と荒々しく云えば、恨めし気にじっと見つめて、帰っていった。


 それから月日が過ぎて、翌年の三月十八日、

「去年の今日は気味が悪いことがあったナア」

 美僧がかの女の件を思い出していると、それから急に寒気がしてきて、尋常でない心地になったかと思えば、熱病にかかり、大変な苦しみとなった。

 医術を尽くしたのだが、そのしるしも見えない。


 ここに、大納言殿の御家の所縁のある山に、密言院という僧がいた。

 密言院が来て、

「山の行者に加持の協力を頼みましょう。もしや人の霊などの成す業かもしれません。そうであれば、験も見えるでしょう」

 そう勧められたのを幸いと思い、密言院を御使に立てて、無動寺の一条院聖教坊の修験者を喚び寄せ、頼ることにした。

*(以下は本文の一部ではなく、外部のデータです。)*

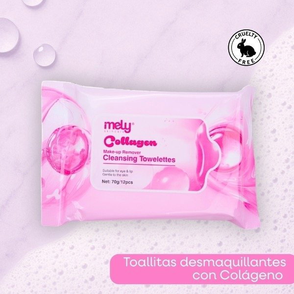 Las Toallitas Desmaquillantes con Colágeno de Mely están formuladas para remover el maquillaje profundamente mientras hidratan y dejan la piel fresca y suave. Son ideales para ojos, labios y rostro, incluso para piel sensible.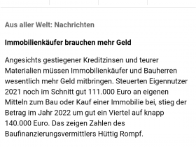 "Angesichts gestiegener Kreditzinsen und teurer Materialien müssen Immobilienkäufer und Bauherren wesentlich mehr Geld mitbringen..."
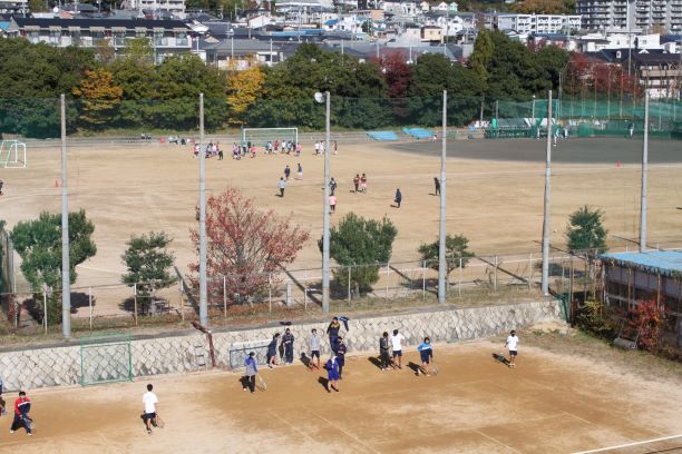 グランウンドでの体験部活動の様子です。サッカー部、テニス部、ラグビー部が熱心に活動をしています。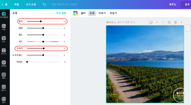 여기서 이미지는 배경의 역할을 하고, 텍스트가 눈에 더 들어와야하기 때문에 조정값을 통해 밝기 및 흐리기를 조절해서 사진을 약간 다운시켜줍니다. 이 조정값은 정해진 정답이 아니라 업로드할 사진의 퀄리티에 따라서 알맞게 조절하시면 될 것 같아요.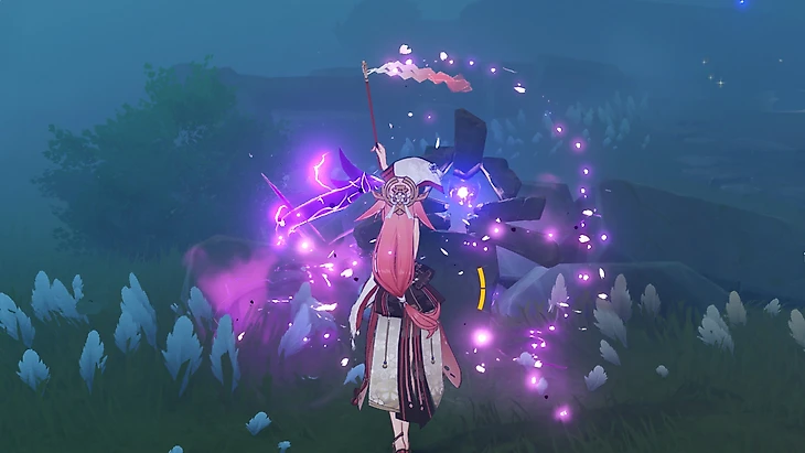 Эта часть – кульминация всего задания. Здесь туман искажает пространство, сбивая героя с пути. В первую очередь нужно использовать Электро умения, чтобы активировать громовые камни, создавая безопасные зоны движения.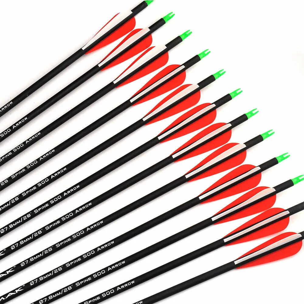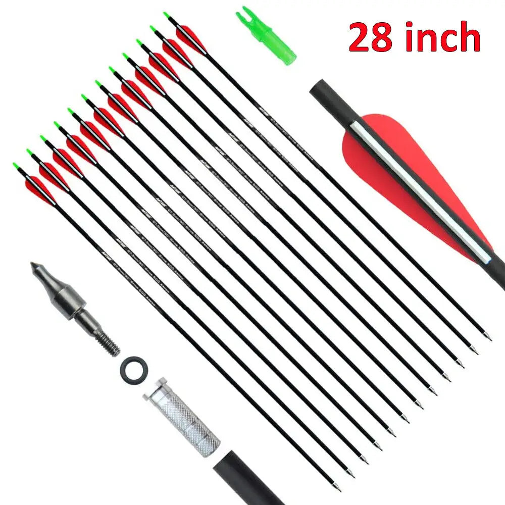 12Pcs 28" Carbon Arrows SP500 OD7.8mm Archery Hunting For Compound & Recurve Bow USA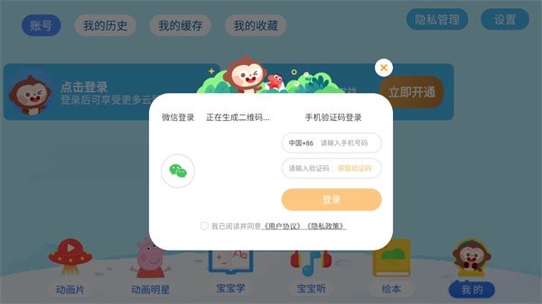2、输入自己的手机号码和验证码就能完成登录。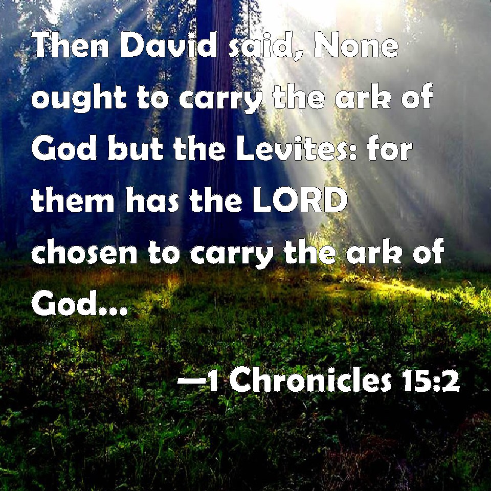 Choose a Background 1 Chronicles 15:2 Then David said, None ought to carry the ark of God but the Levites: for them has the LORD chosen to carry the ark of God, and to minister to him for ever. KJV: Then David said, None ought to carry the ark of God but the Levites: for them hath the LORD chosen to carry the ark of God, and to minister unto him for ever. DRB: Then David said: No one ought to carry the ark of God, but the Levites, whom the Lord hath chosen to carry it, and to minister unto himself for ever. DBT: Then David said, None ought to carry the ark of God but the Levites, for them has Jehovah chosen to carry the ark of God, and to serve him for ever. ERV: Then David said, None ought to carry the ark of God but the Levites: for them hath the LORD chosen to carry the ark of God, and to minister unto him for ever. WBT: Then David said, None ought to carry the ark of God but the Levites: for them hath the LORD chosen to carry the ark of God, and to minister to him for ever. WEB: Then David said, "No one ought to carry the ark of God but the Levites. For Yahweh has chosen them to carry the ark of God, and to minister to him forever." YLT: Then said David, 'None are to carry the ark of God, except the Levites, for on them hath Jehovah fixed to carry the ark of God, and to serve Him — unto the age.'Links 1 Chronicles 15:2 NIV • 1 Chronicles 15:2 NLT • 1 Chronicles 15:2 ESV • 1 Chronicles 15:2 NASB • 1 Chronicles 15:2 KJV • 1 Chronicles 15:2 Interlinear • 1 Chronicles 15:2 Commentaries • 1 Chronicles 15:2 Parallel Texts • 1 Chronicles 15:2 Bible Apps • 1 Chronicles 15:2 Parallel • Bible Hub |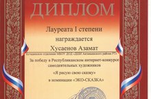 Ученик 4 класса Хусаенов Азамат награжден Дипломом I степени за победу в Республиканском интернет - конкурсе самодельных художников «Я рисую свою сказку» в номинации «ЭКО- СКАЗКА».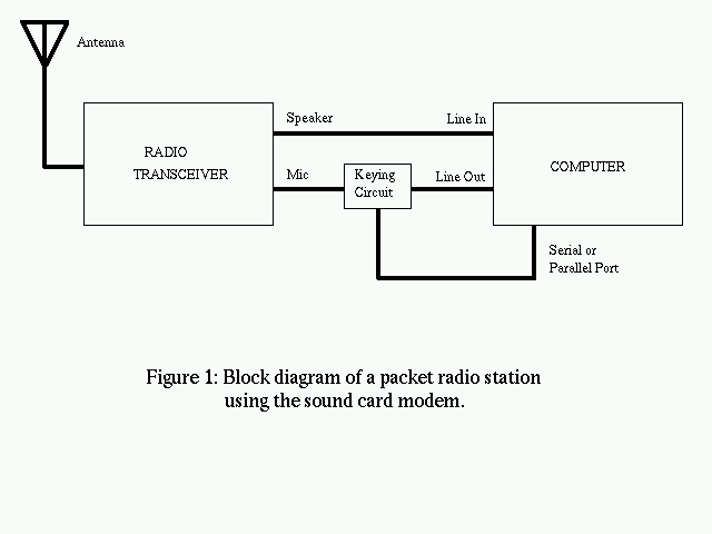 My first introduction to packet was using the sound card modem driver with a hand-held 2-meter band transceiver for 1200bps packet. The audio connects from the PC sound card to the radio's microphone and speaker jacks. A signal from a serial or parallel port in conjunction with a simple (one transistor) circuit is used to control the radio's PTT (Press To Talk) circuit. This approach requires no TNC and no packet modem—if you already have a computer and sound card this costs almost nothing. Figure 1 shows a block diagram of my setup.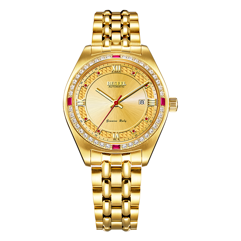 表殼:316L精鋼+電鍍真玫瑰金/電鍍真金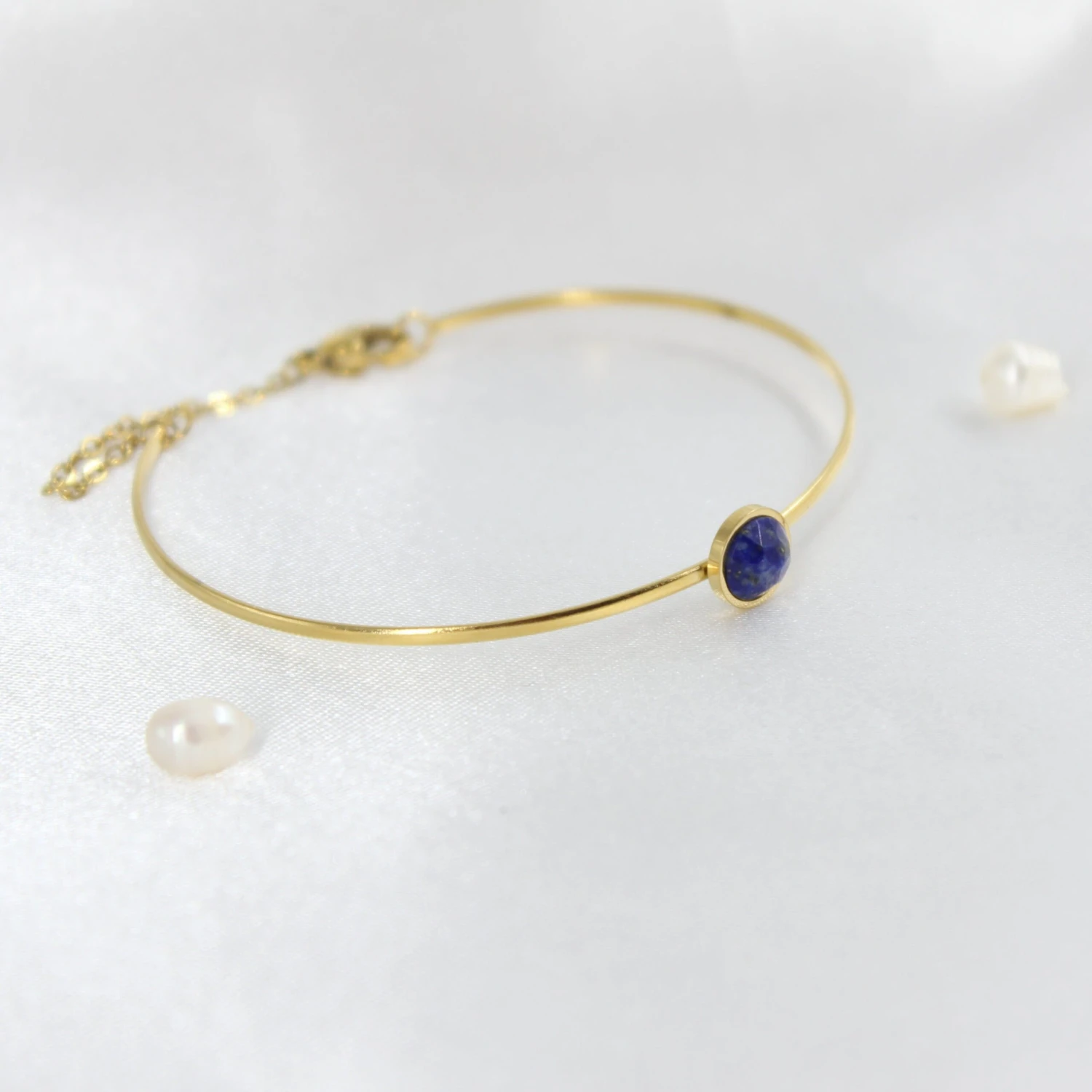 Brazalete rígido con piedra natural de Lapislazuli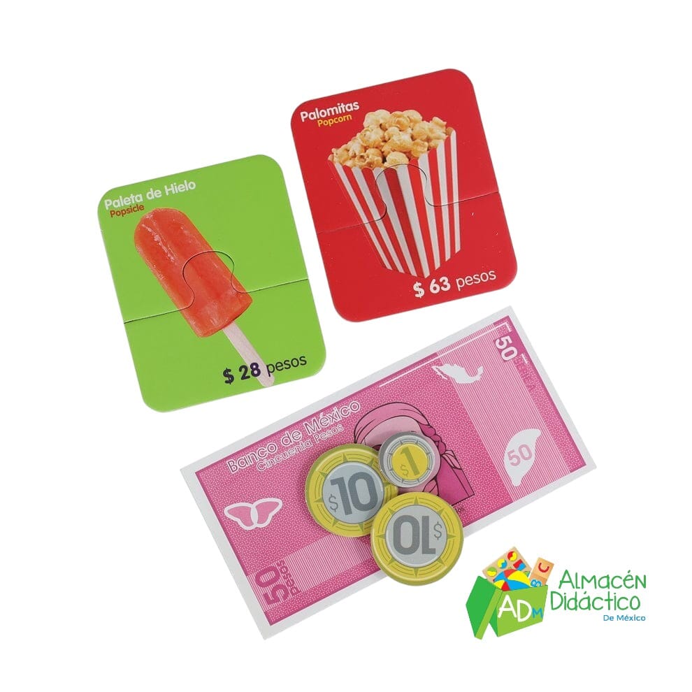 ¡El juego de la tiendita incluye tarjetas con imágenes de productos, billetes y monedas mexicanas!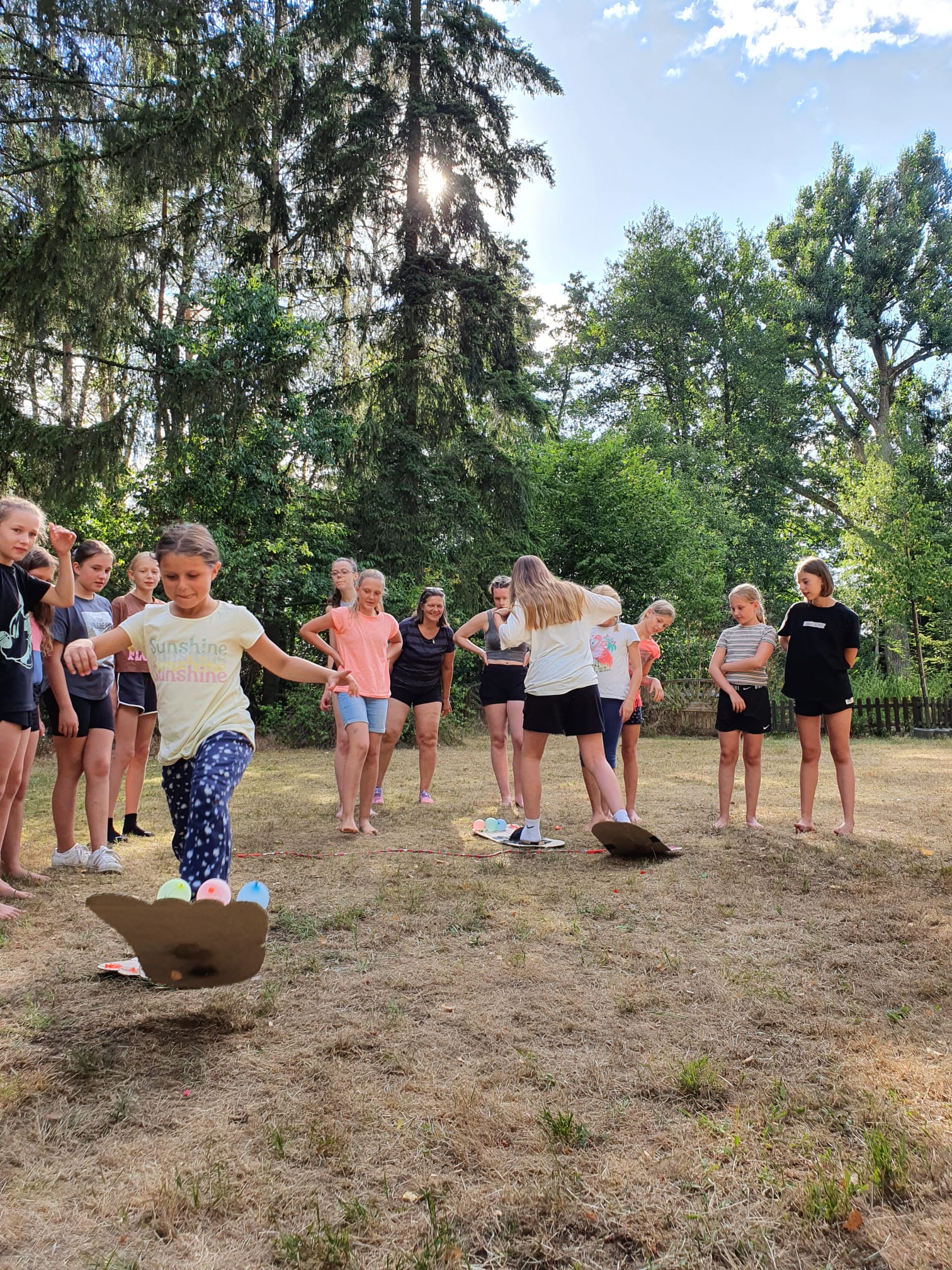 Gemeinsame Spiele gab es auch. Ein lustiges Big-Foot Rennen stand auf dem Plan und ein feucht-

 しかし、密言院と修験者は、七日間加持し続けたが何の験もなかったので、空しく山へと帰っていった。

 美僧の苦しみはさらに増すばかり。

「今一度、七日の加持をしてくだされ」

 大納言殿の家の者が頼むので、密言院は、

「元より大法秘法を修すれば、憑き物が退くこともあるだろう。但し御子の御命は危うくなるかもしれません」

 そう云って渋る。

「何も苦しいとは思いません。憑き物が落ちるのであれば」

 大納言殿が頻りに頼むこと二度三度に及んだので、

「そこまでおっしゃるなら」

 密言院は承諾し、再び修験者を喚び寄せた。


 大修法の加持を開始して三日、美僧の病は少し持ち直した。

 そこで二人の僧は、

「何でも御心当たりのあることを、包み隠さずおっしゃってください」

 しつこく問うたので、美僧は去年の女の件を語った。

「その女が憑き物の正体であること、疑いありません」

 密言院と修験者が肝胆を砕いて祈祷すれば、

「あな苦しや、堪えがたや、今は何を隠そう、我は六角通の何某という、糸屋の娘でございます。去年の春頃、ふと彼をお見掛けしてから、心乱れて、枠形がない糸筋のように絡み合って解けない気持ちに明け暮れて、流れる涙の淵に伏し沈み、はや年も越えて行き、新玉の春の日の長き恋衣、一夜枕を重ねれば、焦がれし胸の煙りも少しは晴らす方もありましょう。されどこの心を報せ奉ることさえできず、心の誘われるまま、今ここに迷い出ていたのです。御祈祷のあまりの恐ろしさに、今より後は参るまじ」

 乗り移られた美僧は、涙をはらはらと流して語っていたが、程なく憑き物から覚めた。

 二人の僧はこれに力を得て。病人の部屋にひしひしと札を貼り、部屋の一方を開けて、また来るのを待ち構えた。


 案の定、美僧はまた一層物狂いとなったので、開けていた一方にも札を貼って逃げ道を塞ぎ、祈祷によって責めに責め苛めば、

「堪えがたや、悲しや、今ここを離れれば、我が命も切れてしまいます」

 美僧の口を借りてさめざめと泣く。

「真の姿を顕せ。従わねば、何と云おうが帰すまいぞ」

 二人の僧が厳しく責めれば、

「あな恥ずかしや、それだけはお許しくださいませ」

「いいや、ならぬ」

 女の霊が何と許しを乞おうが、厳しく責め立てた。

「この上は力なし。そうであれば、我が姿をお見せしましょう」

 ついに観念すると、美僧の懐から鼬が走り出て、部屋の方々を走り回る。

 そこで部屋の一方の札を剥がせば、そこから鼬は出て行った。

 逃げた跡にまた札を貼れば、病悩は忽ちに平癒した。

 美僧は一時ばかり寝てから、夢の覚めたような心地になって本復した。


 六角通に人を遣って尋ねてみれば、その日その時に例の女は儚くなったとのことであった。

 誠に仏法の妙術はありがたきことである。